Казаков разработал план больницы в стиле классической
усадьбы. Здание – с фасадом дворцового типа. Центр его составила
церковь-ротонда с двумя ордерами колонн: ионических и коринфских. Перед фасадом
и за больницей разбили парк с редкими породами деревьев. Парк переходил в сад,
который тянулся вниз до самого берега. С его высоты к реке Москве спускалась
широкая мраморная лестница. По бокам её террасами, художественной разбивкой,
располагались клумбы с цветами и лекарственными травами, оранжереи, беседки.
Две беседки замыкали парк и всю усадьбу у самой воды.
Открытие больницы состоялось двадцать второго июля
тысяча восемьсот второго года в день именин императрицы Марии Фёдоровны,
выдающейся в нашей истории покровительницы дел милосердия и
благотворительности. Поначалу мест в больнице было пятьдесят, что по тем
временам считалось очень внушительным. И уже скоро число кроватей увеличилось
вдвое и дальше неуклонно росло.
Также развивались клинические направления, множились
отделения: хирургия, акушерство и гинекология, глазное и, разумеется - терапия.
При больнице впервые стала обслуживать приходящих пациентов амбулатория,
прообраз современной поликлиники.
Через год после открытия больницы Александр
Михайлович Голицын организовал здесь же богадельню на сто человек. Чуть позже
им была открыта фельдшерская школа для детей крепостных, работавших при
больнице. В эту школу стали принимать сирот из Воспитательного дома, что на
Солянке, и она стала общегородской по своему статусу. Здесь готовился
медперсонал среднего звена для всех московских учреждений. А сколько
сирот-детей получили профессию, образование, были спасены для общества!
Все Голицыны из ветви Михайловичей принимали заботу
об этой больнице как своё дорогое дело жизни. На её обеспечение, помимо семисот
тысяч рублей, положенных в банк ещё Дмитрием Михайловичем, шёл годовой доход
также от двух родовых имений. В эту больницу и богадельню бесплатно принимались
на лечение и обеспечение все бедные люди без исключения: и российские
подданные, и иностранцы.
Затем Голицыны перенесли в главный корпус
принадлежавшее им собрание картин русских и зарубежных мастеров. Позже для него
выстроят двухэтажное здание. Это собрание станет первой в стране бесплатной
публичной галереей. В ней экспонировалось четыреста семьдесят семь работ.
Основу коллекции составили картины, купленные когда-то Дмитрием Михайловичем в
революционной Франции, когда произведения искусства массово гибли. Фактически,
он спасал их.
Прах основателя больницы Дмитрия Михайловича
захоронили в склепе больничного храма.
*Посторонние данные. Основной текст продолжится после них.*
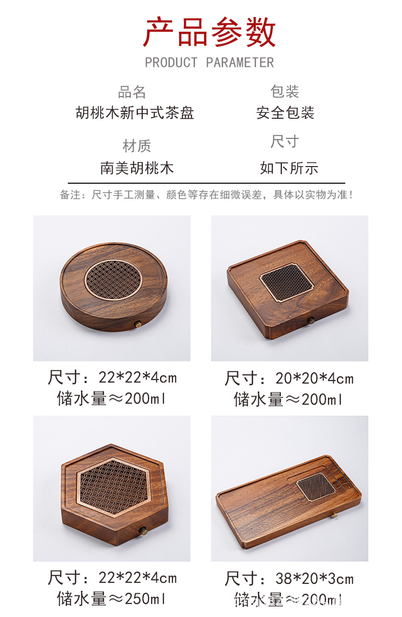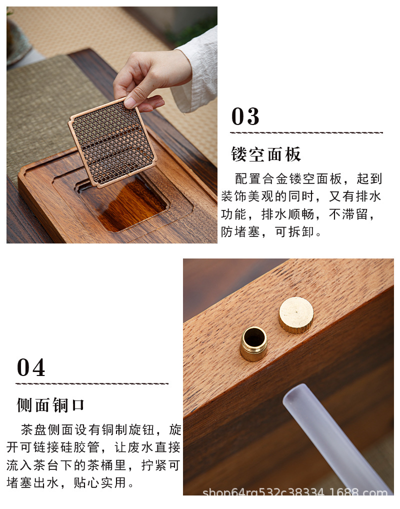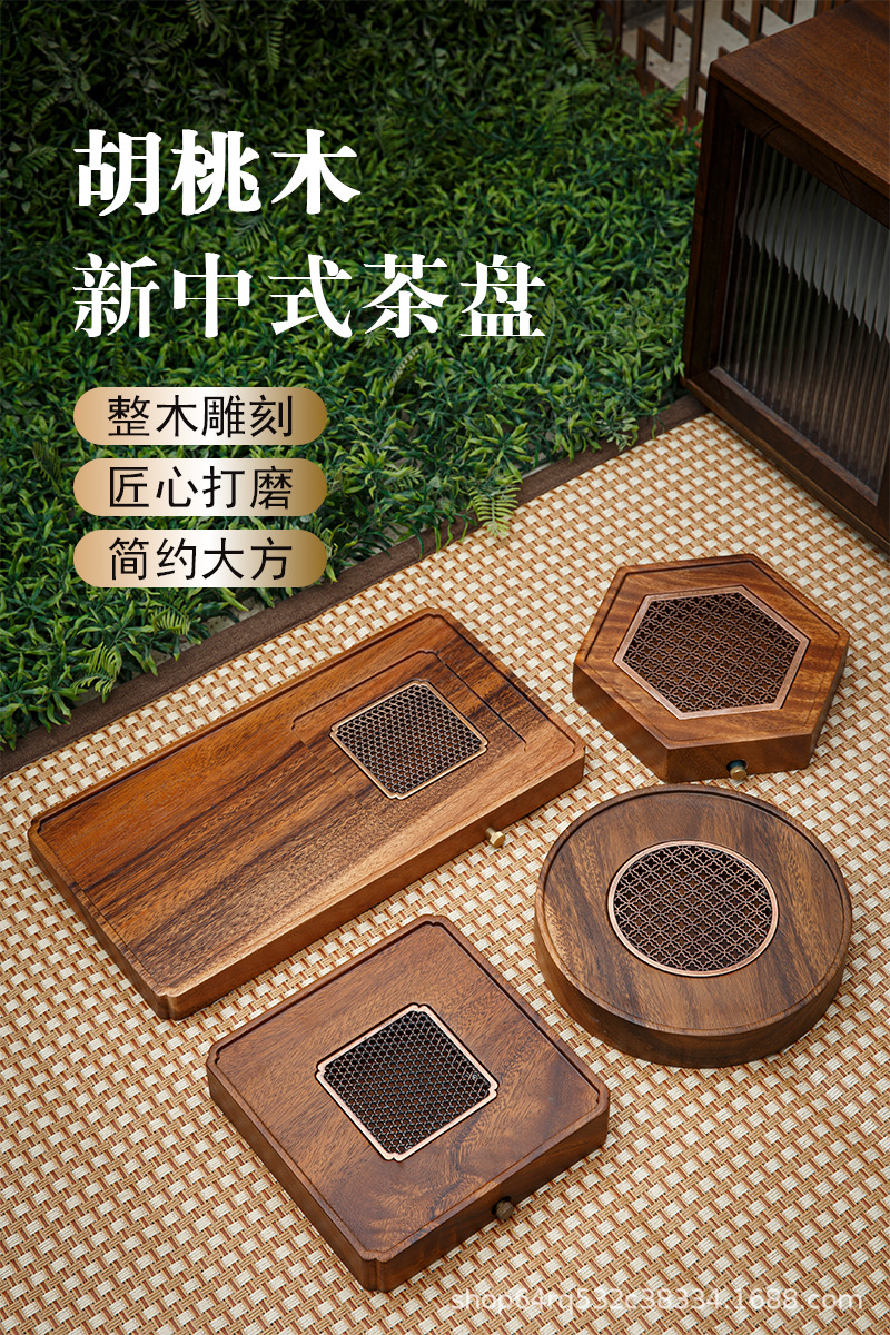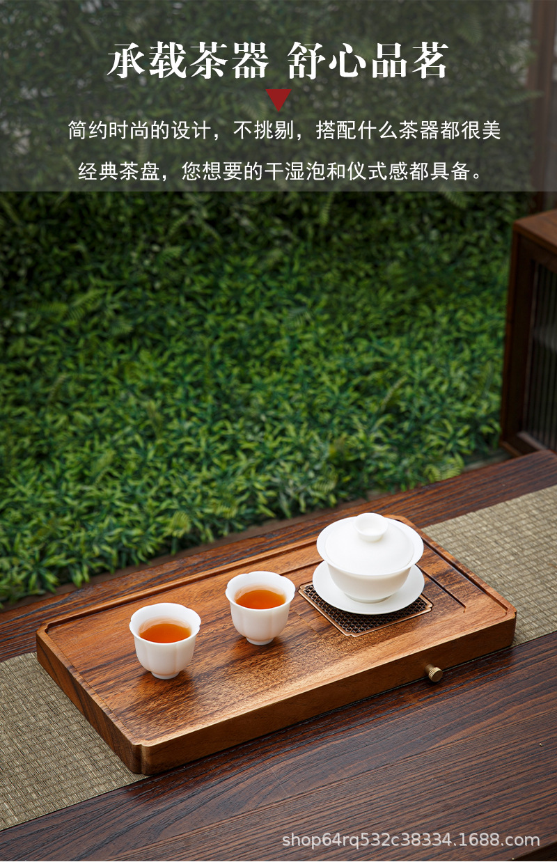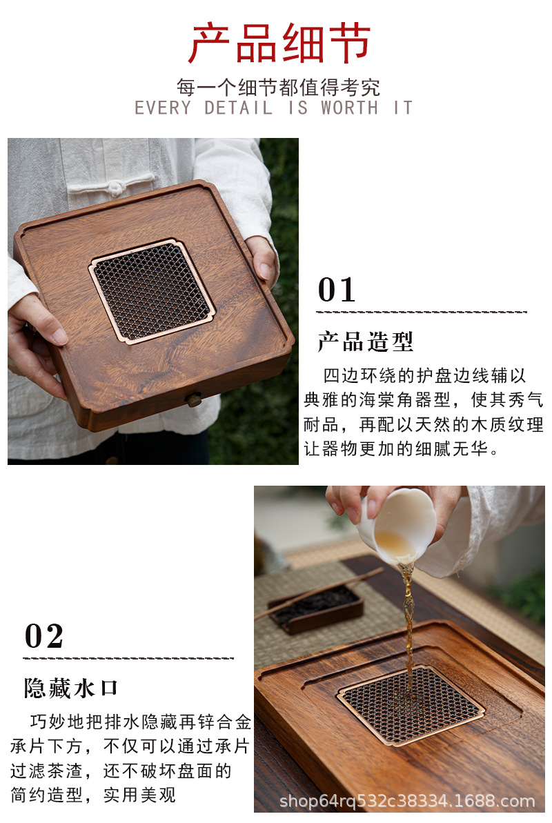 건식 거품 호두 나무 배수 단단한 나무 작은 차 트레이 작은 직사각형 차 세트 도매 가정용 주전자스토어 가기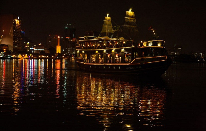 Так получилось, что с гидом, которого по русски называют Виктор мы познакомились ещё утром на обзорной по городу, он много нам рассказал об истории возникновения Сайгона, основных достопримечательностях, а также стойкости и независимости вьетнамского народа в борьбе с французами и американцам. Вечером он заехал за нами, чтобы посмотреть Хошимин вечерний с воды. Название полностью оправдывает этот тур - был шикарный шведский стол на корабле, шоу в национальном стиле и потом дискотека. Можно ходить по кораблю и любоваться видами ночного Сайгона с палубы. По ходу круиза он также рядом и может ответить на все вопросы.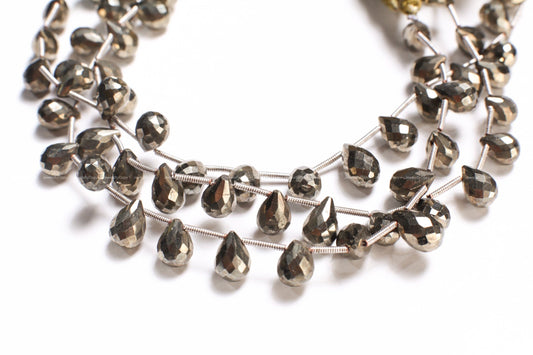 Pyrit-Briolette, facettiert, 6 x 9 mm, Tropfenform, Perlen zur Schmuckherstellung, 1 Strang, 20 Stück, super funkelnd, schweres Gewicht.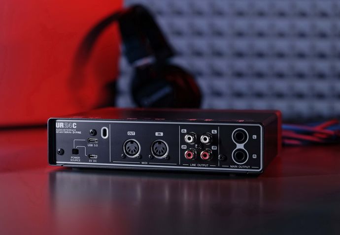 Модель оснащена 2 предусилителями Yamaha D-PRE А класса, небольшим набором встроенных DSP эффектов и имеет функцию Loopback. UR24C укомплектован 5 регуляторами, кнопками Hi-Z / +48V, переключателем Split/Stereo и светодиодными индикаторами. Для подключения предусмотрены: 2 XLR/TRS входа, выход для наушников, 2 TRS выхода, 4 RCA выхода, MIDI вход и выход, разъемы 5V DC и USB-C.
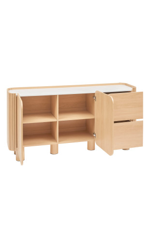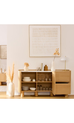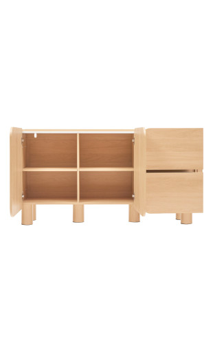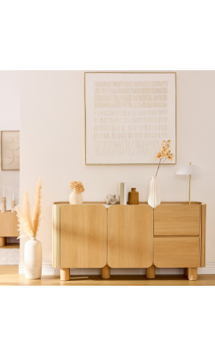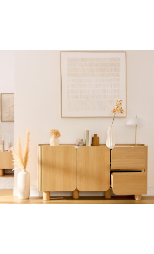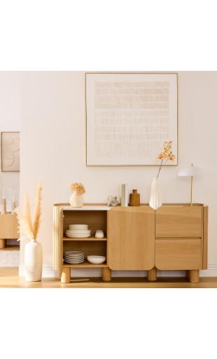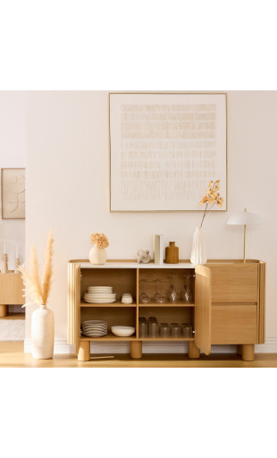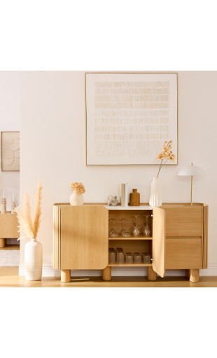 Pensé pour répondre aux besoins du quotidien, ce buffet Atmosphera dispose de : 2 portes avec étagères modulables, parfaites pour vaisselle, linge de table ou objets décoratifs, 2 tiroirs spacieux, idéals pour organiser couverts, papiers ou accessoires.

Над ним установили надгробие,
произведение высокого искусства: мраморная скульптурная группа, состоящая из
аллегорических фигур Веры и Щедрости. Исполнил его скульптор Гордеев. В центре
был установлен бюст Голицына работы венских мастеров.
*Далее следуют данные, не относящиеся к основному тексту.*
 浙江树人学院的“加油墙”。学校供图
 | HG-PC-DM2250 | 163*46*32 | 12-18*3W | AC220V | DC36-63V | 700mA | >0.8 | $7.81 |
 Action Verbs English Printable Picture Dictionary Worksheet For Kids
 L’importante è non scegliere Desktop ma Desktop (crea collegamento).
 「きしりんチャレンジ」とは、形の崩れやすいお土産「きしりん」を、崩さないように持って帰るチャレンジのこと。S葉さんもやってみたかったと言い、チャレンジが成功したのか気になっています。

В тысяча восемьсот четырнадцатом году для знакомства
с удивительной больницей приезжал Гаврила Романович Державин. Отстояв службу в
храме, он поклонился надгробию князя Дмитрия Михайловича. И произнёс дословно:
«Таких благодетелей и в мраморе надо почитать и им поклоняться».
Со временем из этого сочетания высокого искусства,
дел милосердия и практической медицины в больнице сложилась традиционная
атмосфера: тишина и покой, уважительное обращение, сострадание, бескорыстное
служение ближним. Вот отчего так хорошо работалось здесь Бородину. В свои
частые наезды в Москву он останавливался именно здесь, у своего тестя, который
служил врачом. И жил, работал над своим великим драматическим произведением
подолгу.
Увы, советская власть уничтожила уникальнейший
больнично-художественный комплекс. Картины разворовали и распродали за бесценок
заграницу ещё в восемнадцатом году. До лестницы, клумб, оранжерей и парка дела
никому не было. Всё разрушалось, вырождалось. Храм закрыли, исковеркали.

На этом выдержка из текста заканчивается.